Begin at the line containing "Destacamos su falda" and give again every line to the end of the records, exactly, without the pictures.

== The data ==

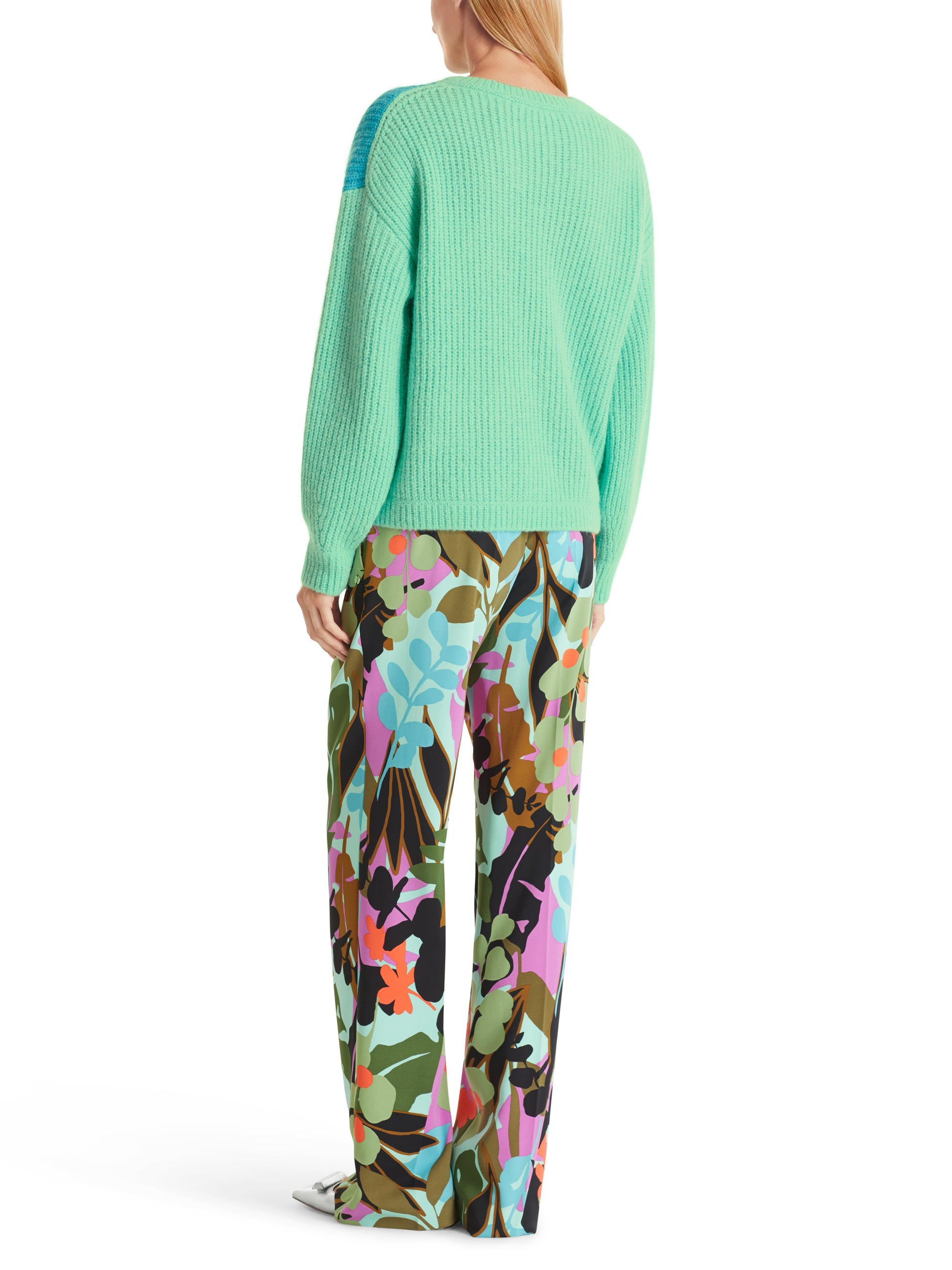 The colourful colour-blocking design draws the eye to this sweater. The sweater has a relaxed silhouette and a round neck. Its knit presents a patent pattern in a mix of materials with wool and alpaca. The sweater is knitted and also finished at the location in Germany. Further processing of the individual parts takes place in European partner companies. This makes the item "Knitted in Germany".
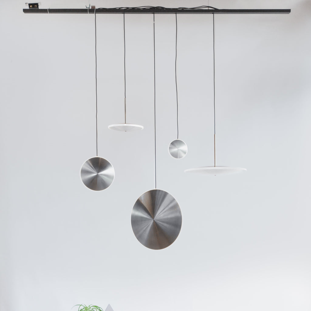 Mimicking the phosphorescent envelope found around stars, Chrona lights create a luminous glow by combining spun brass and diffused acrylic. With a variety of configurations in both horizontal and vertical orientations, Dish pendants can be clustered together to make stunning constellations or individually hung to accentuate any space. Thin, yet robust, the pendants are available in diameters ranging from 6 to 17 inches (14-42cm).
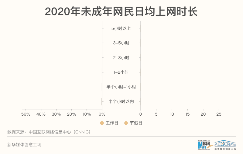 数据显示,未成年网民互联网使用时长不断增加,2020年未成年网民在工作日平均每天上网时长在2小时以上的为11.5%,节假日平均上网时长在5小时以上的为12.2%。
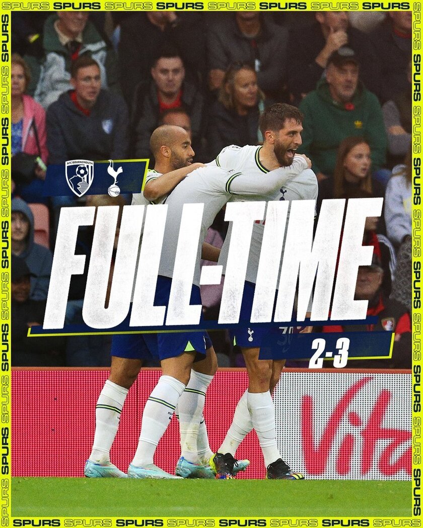 唯彩看球讯 北京时间10月29日晚上22点,英超第14轮,热刺客场3-2逆转伯恩茅斯!热刺0-2落后下3-2大逆转,伯恩茅斯摩尔梅开二度,随后热刺由塞塞尼翁、本-戴维斯和本坦库尔进球。本场后,热刺26分排在第3。
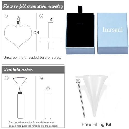 • ❤Package - Cremation keepsake jewelry have free 20" chain, exquisite velvet necklace box and filling kit, with our miniature funnel & sturdy steel pin, you can steadily & easily fill the heart.
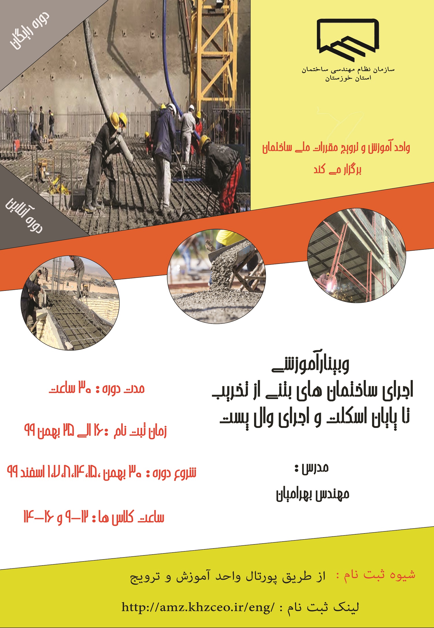 به گزارش روابط عمومی سازمان نظام مهندسی ساختمان خوزستان، واحد آموزش و ترویج سازمان در نظر دارد “وبینار آموزشی اجرای ساختمان های بتنی از تخریب تا پایان اسکلت و اجرای وال پست” را برگزار نماید.
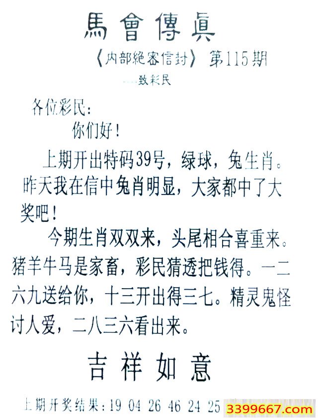 115期:首发推荐:≮馬會傳眞≯→(香港正版)
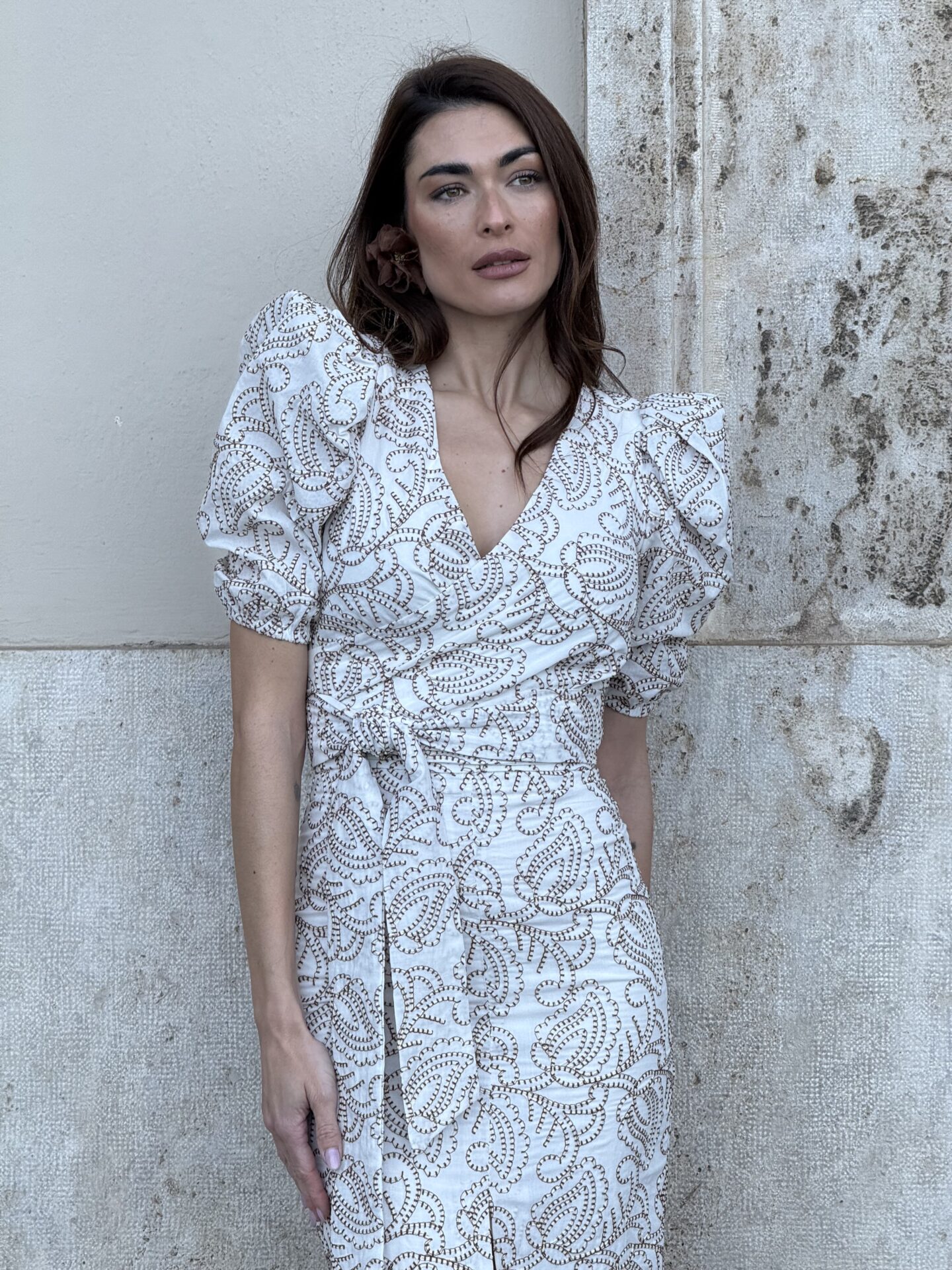 Destacamos su falda tubo de cintura alta y top multi posición con mangas farol.
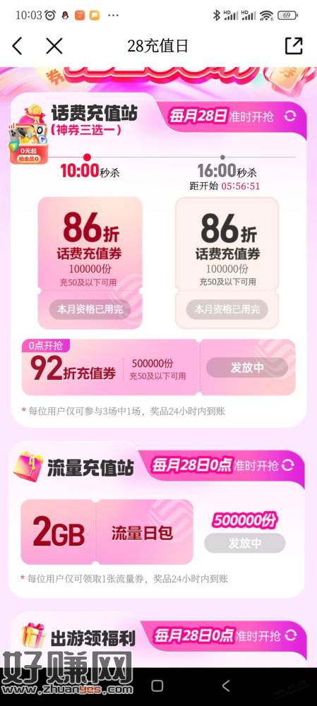 92折充值券比较多,还可以领取2G流量
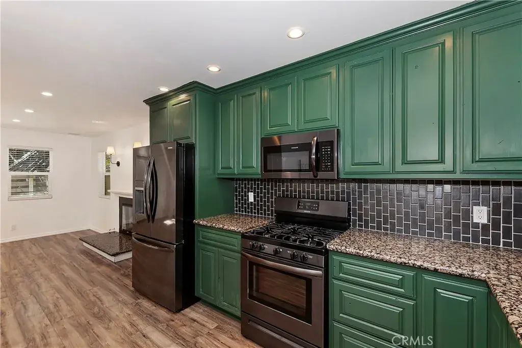 The kitchen is well equipped with a lovely shade of hunter green cabinets. The stainless steel appliances come with the sale.
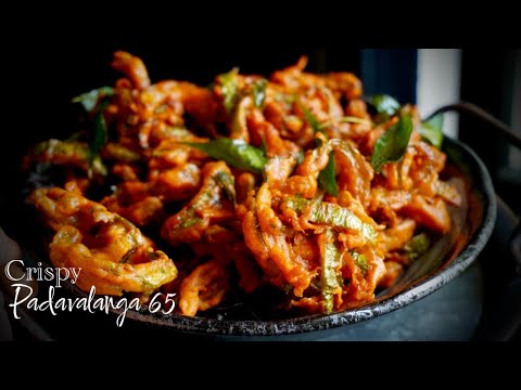 Padavalanga 65 is a South Indian snack or appetizer made with snake gourd (padavalanga). It's a deep-fried dish that's crispy and crunchy on the outside and tender on the inside, with a spicy and flavorful coating.
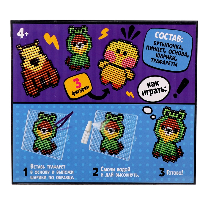 С аквамозаикой «Зверята» ребёнок соберёт 3 объёмные фигурки из шариков-пикселей. Детали плотно скрепляются друг с другом. С поделками можно играть или украсить интерьер.
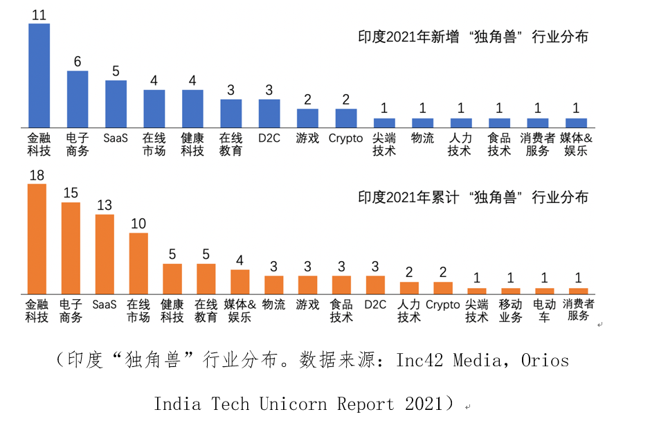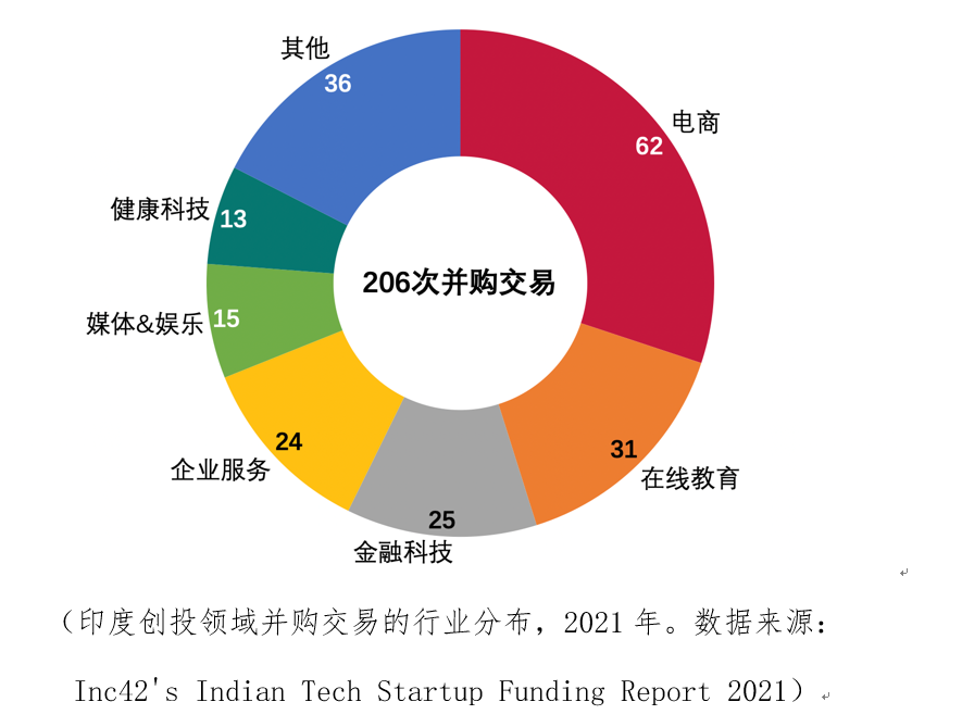 “独角兽”的融资能力远胜一般创业公司,还是在全球范围内吸纳最优质的资金。2021年,总部位于纽约的老虎环球基金领投了19轮的印度“独角兽”融资。其他印度“独角兽”的“饲养员”名单当中,包括红杉、纪源、软银、Accel等全球一线风投,以及亚马逊等全球知名CVC。在“募投管退”的投资流程中,投资固然重要,但退出以谋取投资回报同等重要。2021年,包括众多“独角兽”在内的11家科技公司成功IPO。相比之下,同期暴涨2.5倍的206次并购交易,象征了印度创投领域的退出交易繁荣,其中电商、在线教育、金融、企业服务、媒体&娱乐等互联网行业的并购退出活力四射,合计发生157次,占比76%。

===

- [Answer space]
 Destacamos su falda tubo de cintura alta y top multi posición con mangas farol.
 92折充值券比较多,还可以领取2G流量
 The kitchen is well equipped with a lovely shade of hunter green cabinets. The stainless steel appliances come with the sale.
 Padavalanga 65 is a South Indian snack or appetizer made with snake gourd (padavalanga). It's a deep-fried dish that's crispy and crunchy on the outside and tender on the inside, with a spicy and flavorful coating.
 С аквамозаикой «Зверята» ребёнок соберёт 3 объёмные фигурки из шариков-пикселей. Детали плотно скрепляются друг с другом. С поделками можно играть или украсить интерьер.
 “独角兽”的融资能力远胜一般创业公司,还是在全球范围内吸纳最优质的资金。2021年,总部位于纽约的老虎环球基金领投了19轮的印度“独角兽”融资。其他印度“独角兽”的“饲养员”名单当中,包括红杉、纪源、软银、Accel等全球一线风投,以及亚马逊等全球知名CVC。在“募投管退”的投资流程中,投资固然重要,但退出以谋取投资回报同等重要。2021年,包括众多“独角兽”在内的11家科技公司成功IPO。相比之下,同期暴涨2.5倍的206次并购交易,象征了印度创投领域的退出交易繁荣,其中电商、在线教育、金融、企业服务、媒体&娱乐等互联网行业的并购退出活力四射,合计发生157次,占比76%。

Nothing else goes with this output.